Layout and background – 1 point
Key animation (must be in Canada) – 1 point
Assistant animation and in-betweening – 1 point
With respect to Animation Productions, there are some additional requirements. Either the director or the screenwriter and supervisor must be Canadian. Either the highest or second-highest remunerated lead voice must be Canadian, and all key animation must be done in Canada.
There are also several general rules that apply to all types of Key Creative Personnel. Among the general rules are several important for immigration purposes. No points are to be awarded for Canadians who share key personnel roles for other non-Canadians. Also, the camera operator role for Animated Productions must conduct his work in Canada. Also, scoring on a collection of films or a series of films must be done individually and the production company should make a separate list of individuals who worked on each production.
Why are Telefilm Treaty Co-Productions So Valuable from an Immigration Perspective?
Canada has currently 55 Co-Production Agreements and Memorandum of Understandings with several countries. The full list can be found here.
The benefit of a Treaty Co-Production Agreement is that pursuant to the CPTC Program Eligibility Requirements, these films operate under the specific Treaty Co-Production Agreement rather than the CPTC Guidelines with respect to the Key Creative Personnel and Producer-Related Personnel. The CPTC Guidelines regarding the Key Creative Personnel point system and the rules surrounding production-related personnel need not apply.
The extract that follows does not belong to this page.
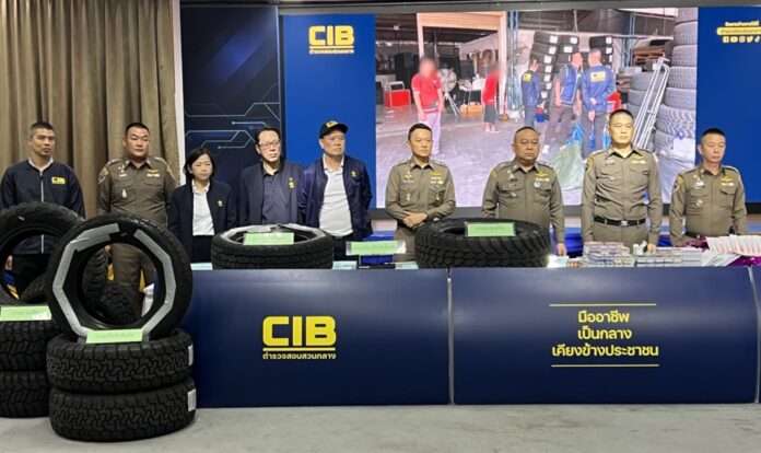 เมื่อเวลา 14.00 น. วันที่ 18 ก.พ. พล.ต.ท.กฤษฎา กาญจนอลงกรณ์ ผู้ช่วย ผบ.ตร. พร้อมด้วย พล.ต.ท.ณัฐศักดิ์ เชาวนาศัย ผบช.ก. พล.ต.ต.คงกฤช เลิศสิทธิกุล ผบก.ปคบ., พ.ต.อ.อนุวัฒน์ รักษ์เจริญ รอง ผบก.ปคบ. พ.ต.อ.ปิยะวัฒน์ ทองอุทัย ผกก.3 บก.ปคบ. นายเอกนิติ รมยานนท์ เลขาธิการสำนักงานมาตรฐานผลิตภัณฑ์อุตสาหกรรม ร่วมกันแถลงผลตรวจค้นโกดังเถื่อนลักลอบย้อมแมวยางเก่าหลอกลวงผู้บริโภค หลังนำกำลังเข้าตรวจสอบโกดังเก็บสินค้า 4 แห่งในพื้นที่ อ.ศรีราชา จ.ชลบุรี ก่อนสามารถตรวจยึดยางรถยนต์ไม่ได้มาตรฐานจำนวนกว่า 2 พันเส้น

The language in these agreements is generally much more favourable than the CPTC Guidelines. For example, in the 2014 Audiovisual Co-Production Agreement Between the Government of Canada and the Government of the Republic of India ( the “India Agreement), Articles 3 and 5 provide that producers and participants can be a national of one of the parties and that through mutual consent in writing by administrative authorities, can also include third countries.
The India Agreement also provides in Article 6 that the Parties shall facilitate temporary entry and residence in the respective territories for creative and technical personnel and performers.
Importantly, one of the countries that does not have a Treaty Co-Production Agreement with Canada is the United States. One of the areas I will be researching into in the future (possibly through ATI requests) is how American film productions, through filming in Canada, partnering with local production companies, and utilizing Canadian actors in key lead roles have been able to take advantage of the CPTC tax credit.